Poland (/ˈpoʊlənd/; Polish: Polska [ˈpɔlska]), officially the Republic of Poland (Polish: Rzeczpospolita Polska, listen ), is a country in Central Europe bordered by Germany to the west; the Czech Republic and Slovakia to the south; Ukraine and Belarus to the east; and the Baltic Sea, Kaliningrad Oblast (a Russian exclave) and Lithuania to the north. The total area of Poland is 312,679 square kilometres (120,726 sq mi), making it the 71st largest country in the world and the 9th largest in Europe. With a population of over 38.5 million people, Poland is the 34th most populous country in the world, the sixth most populous member of the European Union, and the most populous post-communist member of the European Union. Poland is a unitary state divided into 16 administrative subdivisions.
Many historians trace the establishment of a Polish state to 966, when Mieszko I, ruler of a territory roughly coextensive with that of present-day Poland, converted to Christianity. The Kingdom of Poland was founded in 1025, and in 1569 it cemented a longstanding political association with the Grand Duchy of Lithuania by signing the Union of Lublin, forming the Polish–Lithuanian Commonwealth. The Commonwealth gradually ceased to exist in the years 1772–1795, when the Polish territory was partitioned among Prussia, the Russian Empire, and Austria. Poland regained its independence (as the Second Polish Republic) at the end of World War I, in 1918.

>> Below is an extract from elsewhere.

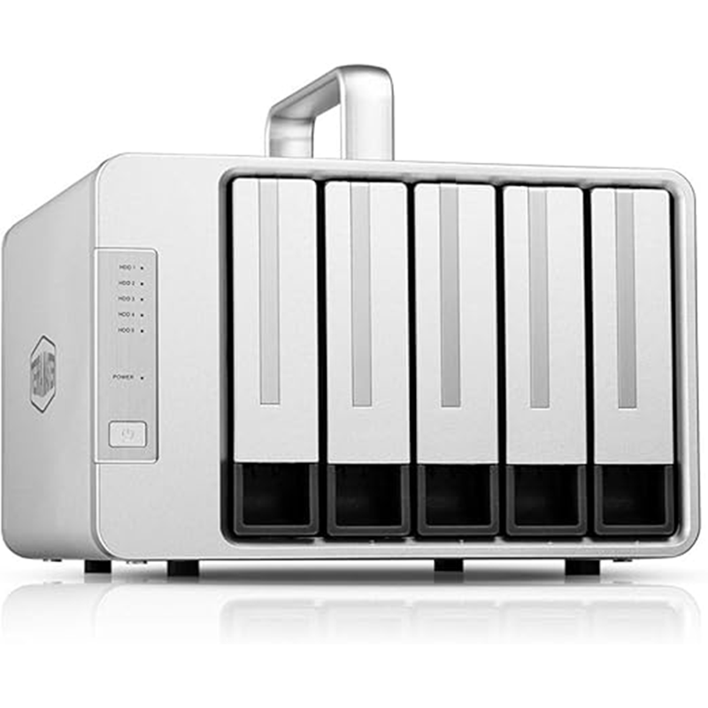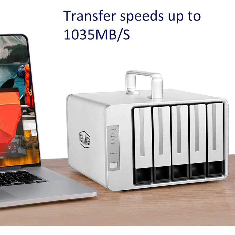 This enclosure holds five SATA drives (3.5″ HDDs or 2.5″ SSDs), allowing huge total capacity (up to around 80 TB with 16 TB drives). You can configure these drives in multiple RAID modes — such as RAID 0, RAID 1, RAID 5, RAID 10, JBOD, or Single Disk — depending on whether you want speed, redundancy, or maximum usable storage. The hardware RAID controller built into the unit handles these RAID configurations independently of your computer, which offers better performance and reliability compared to software RAID.

Two decades later, in September 1939, World War II started with the invasions of Poland by Nazi Germany and the Soviet Union (as part of the Molotov–Ribbentrop Pact). More than six million Polish citizens died in the war. In 1944, a Soviet-backed Polish provisional government was formed which, after a period of conflict, falsified a referendum and an election, giving rise to a satellite state of the Soviet Union, Polish Republic (Rzeczpospolita Polska), renamed to the People's Republic of Poland (Polska Rzeczpospolita Ludowa) in 1952. During the Revolutions of 1989, Poland's Marxist–Leninist government was overthrown and Poland adopted a new constitution establishing itself as a democracy under the name Rzeczpospolita Polska, often referred to as the "Third Polish Republic" (III Rzeczpospolita).
Despite the vast destruction the country experienced during World War II, Poland managed to preserve much of its cultural wealth. There are 14 heritage sites inscribed on the UNESCO World Heritage and 54 Historical Monuments and many objects of cultural heritage. Since the end of the communist period, Poland has achieved a "very high" ranking in terms of human development, as well as gradually improving economic freedom. Poland is the sixth largest economy within the European Union and among the fastest rising economic states in the world. The country is the sole member nation of the European Union to have escaped a decline in GDP and in recent years was able to create probably the most varied GDP growth in its history.